(Data entries)
########################################

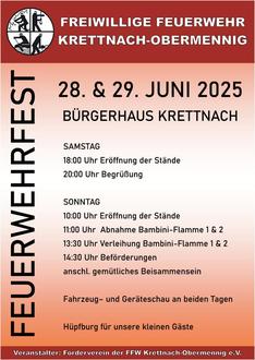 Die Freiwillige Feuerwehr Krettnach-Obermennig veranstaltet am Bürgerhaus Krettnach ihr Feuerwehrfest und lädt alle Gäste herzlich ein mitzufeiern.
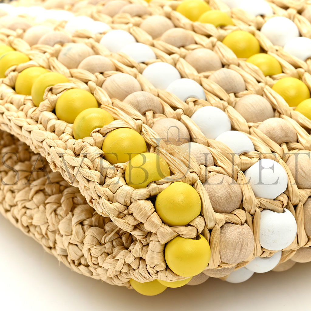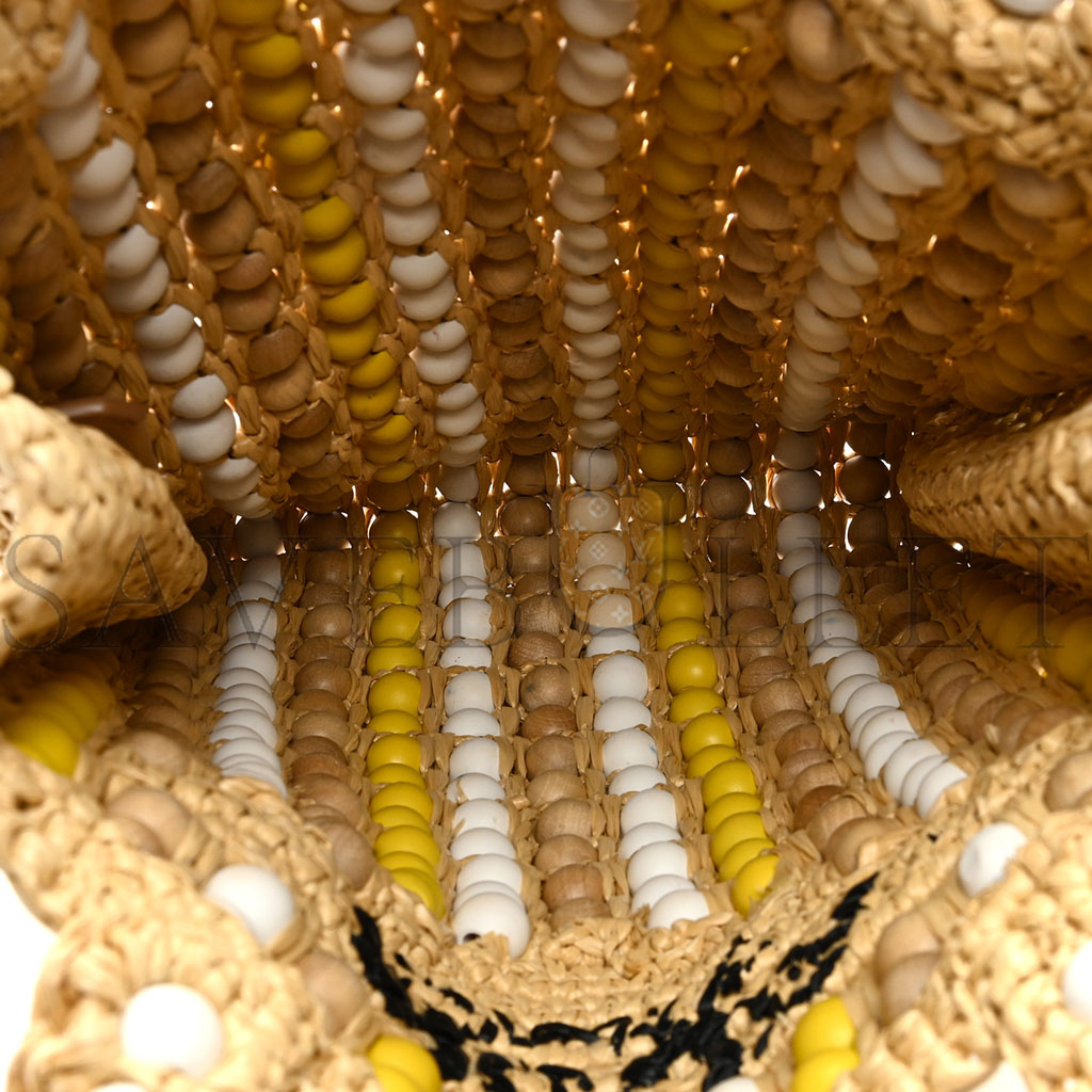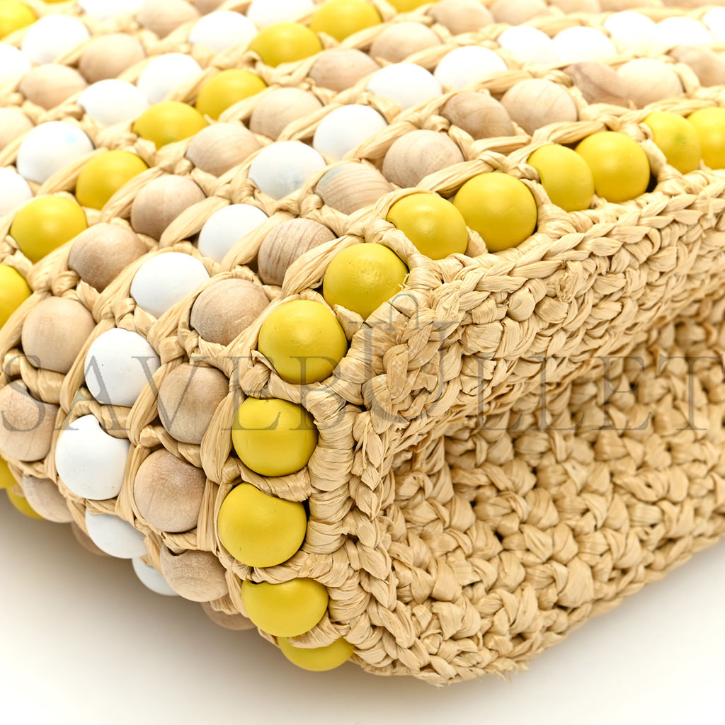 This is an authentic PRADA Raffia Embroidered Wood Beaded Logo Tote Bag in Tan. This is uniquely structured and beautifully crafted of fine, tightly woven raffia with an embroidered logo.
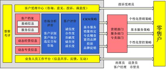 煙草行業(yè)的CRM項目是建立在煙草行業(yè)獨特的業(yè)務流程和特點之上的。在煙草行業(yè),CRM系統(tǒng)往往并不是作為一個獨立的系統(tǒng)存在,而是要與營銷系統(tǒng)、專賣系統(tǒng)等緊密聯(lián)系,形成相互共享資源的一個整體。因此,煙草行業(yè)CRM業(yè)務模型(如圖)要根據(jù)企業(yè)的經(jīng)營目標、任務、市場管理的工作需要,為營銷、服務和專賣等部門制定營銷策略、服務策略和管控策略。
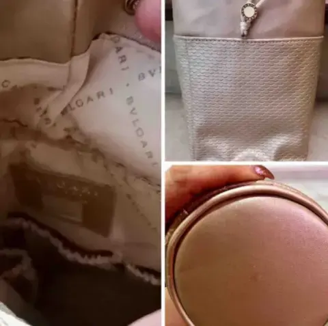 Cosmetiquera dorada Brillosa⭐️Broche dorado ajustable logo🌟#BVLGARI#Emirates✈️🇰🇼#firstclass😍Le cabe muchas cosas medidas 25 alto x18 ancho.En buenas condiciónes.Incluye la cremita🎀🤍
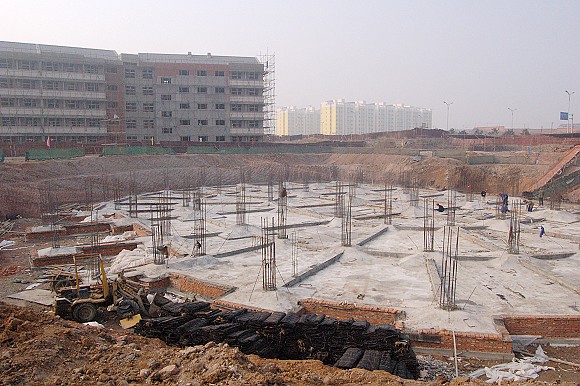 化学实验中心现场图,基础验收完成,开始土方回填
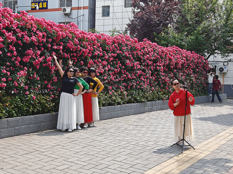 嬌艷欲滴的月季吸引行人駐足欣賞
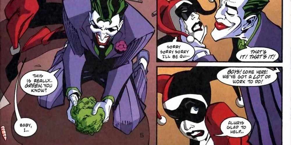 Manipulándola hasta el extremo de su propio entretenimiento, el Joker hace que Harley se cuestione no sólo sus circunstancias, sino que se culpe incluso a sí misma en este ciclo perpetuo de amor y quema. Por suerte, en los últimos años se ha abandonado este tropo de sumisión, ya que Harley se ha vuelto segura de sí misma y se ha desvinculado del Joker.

########################################

Up to and including the line containing "化学实验中心现场图,基础验收完成,开始土方回填", repeat every line from the start of the data, but none of the pictures.

Exercise output:
 Die Freiwillige Feuerwehr Krettnach-Obermennig veranstaltet am Bürgerhaus Krettnach ihr Feuerwehrfest und lädt alle Gäste herzlich ein mitzufeiern.
 This is an authentic PRADA Raffia Embroidered Wood Beaded Logo Tote Bag in Tan. This is uniquely structured and beautifully crafted of fine, tightly woven raffia with an embroidered logo.
 煙草行業(yè)的CRM項目是建立在煙草行業(yè)獨特的業(yè)務流程和特點之上的。在煙草行業(yè),CRM系統(tǒng)往往并不是作為一個獨立的系統(tǒng)存在,而是要與營銷系統(tǒng)、專賣系統(tǒng)等緊密聯(lián)系,形成相互共享資源的一個整體。因此,煙草行業(yè)CRM業(yè)務模型(如圖)要根據(jù)企業(yè)的經(jīng)營目標、任務、市場管理的工作需要,為營銷、服務和專賣等部門制定營銷策略、服務策略和管控策略。
 Cosmetiquera dorada Brillosa⭐️Broche dorado ajustable logo🌟#BVLGARI#Emirates✈️🇰🇼#firstclass😍Le cabe muchas cosas medidas 25 alto x18 ancho.En buenas condiciónes.Incluye la cremita🎀🤍
 化学实验中心现场图,基础验收完成,开始土方回填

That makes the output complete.